An update on this story: they followed through, just in time to celebrate Bastille Day. “French MPs vote to ban Islamic full veil in public,” from BBC News, July 13 (thanks to all who sent this in):
France’s lower house of parliament has overwhelmingly approved a bill that would ban wearing the Islamic full veil in public.
There were 335 votes for the bill and only one against in the 557-seat National Assembly.
It must now be ratified by the Senate in September to become law.
The ban has strong public support but critics point out that only a tiny minority of French Muslims wear the full veil.
Many of the opposition Socialists, who originally wanted the ban limited only to public buildings, abstained from voting after coming under pressure from feminist supporters of the bill.
President Nicolas Sarkozy has backed the ban as part of a wider debate on French identity but critics say the government is pandering to far-right voters.
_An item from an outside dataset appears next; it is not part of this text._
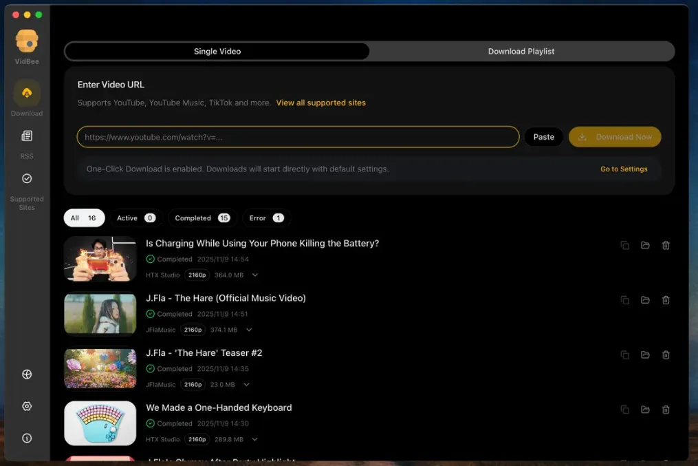 你只需要订阅某个创作者的频道 RSS 链接,VidBee 就会在后台自动监控。只要博主一更新,它就自动帮你下载到本地,完全不用你再去手动去盯更新、复制链接、点击下载。
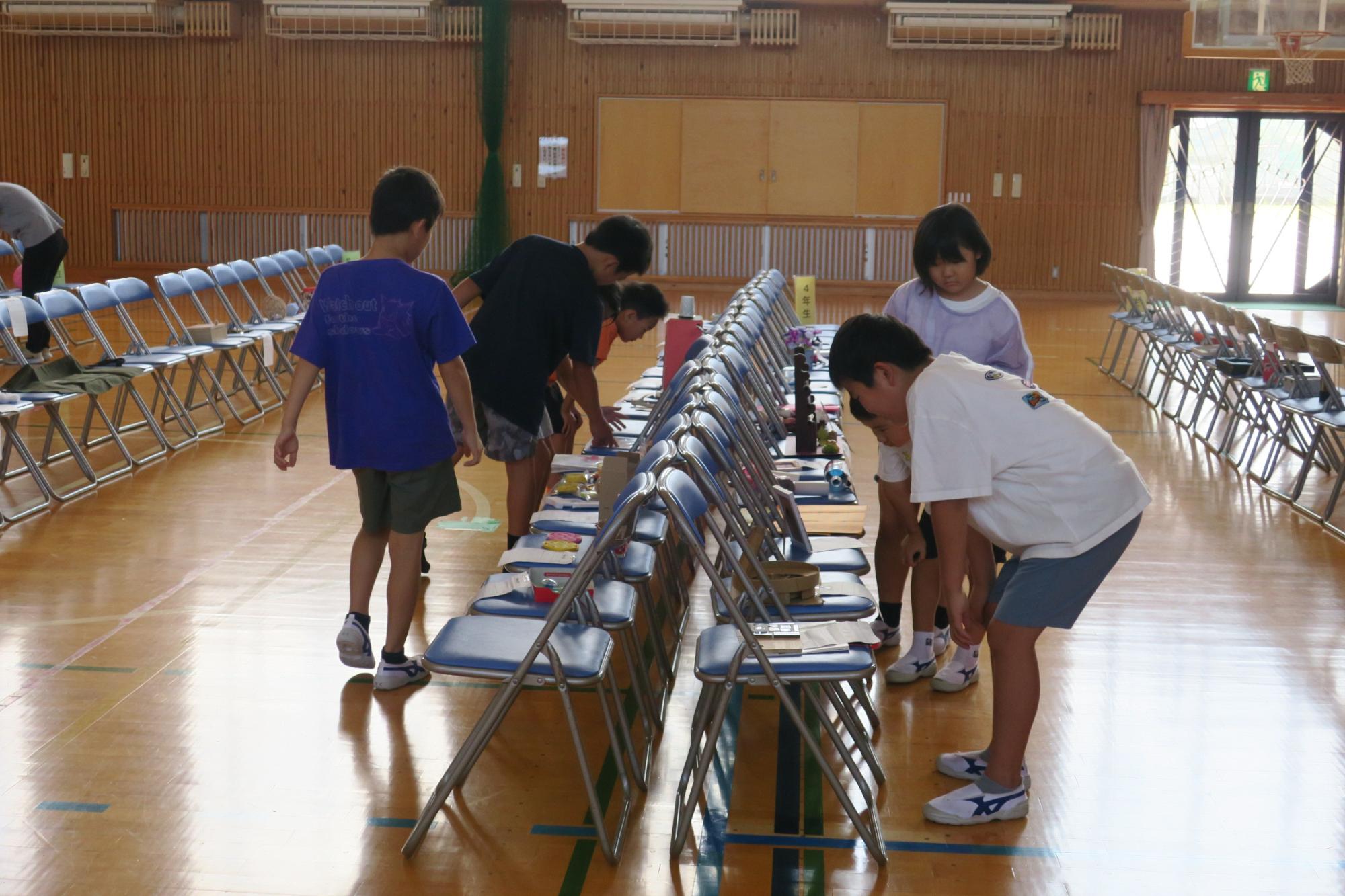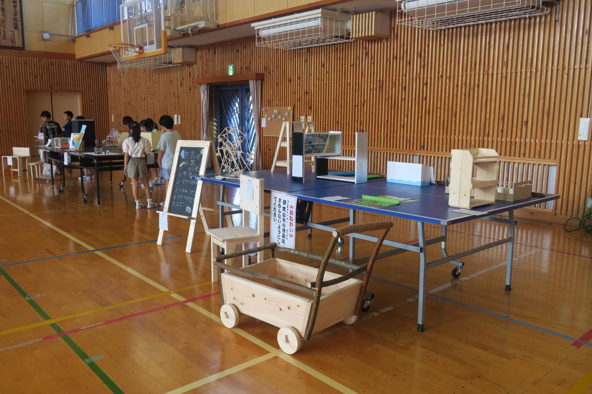 9月1日月曜日と2日火曜日は、夏休みの宝物展でした。全体的に木工作品や工作が多かったです。コンクールに応募することを意識して整えられたものもありました。「これ、ちょっと見て。」「これ、どうやって作ったのかな。」などと言いながら、学級ごとに作品を鑑賞していました。来年の参考にできるとよいです。見に来てくださった保護者の皆さん、地域の皆さん、ありがとうございました。

Mainstream media translation: The forces of eeeeeeevil!
After the vote, Justice Minister Michele Alliot-Marie said it was a victory for democracy and for French values.
“Values of freedom against all the oppressions which try to humiliate individuals; values of equality between men and women, against those who push for inequality and injustice.”
The vote is being closely watched in other countries, the BBC’s Christian Fraser reports from the French capital Paris.
Spain and Belgium are debating similar legislation, and with such large-scale immigration in the past 20 or 30 years, identity has become a popular theme across Europe, our correspondent says.
‘Open-faced democracy’
The bill would make it illegal to wear garments such as the niqab or burka, which incorporate a full-face veil, anywhere in public.
It envisages fines of 150 euros (£119) for women who break the law and 30,000 euros and a one-year jail term for men who force their wives to wear the burka.
The niqab and burka are widely seen in France as threats to women’s rights and the secular nature of the state.
“Democracy thrives when it is open-faced,” Ms Alliot-Marie told the National Assembly when she presented the bill last week.
She stressed the bill, which makes no reference to Islam or veils, was not aimed at “stigmatising or singling out a religion”….
In other words: We still insist this isn’t really about what it’s really about: the encroachment of Sharia on individual liberties and the character of French society.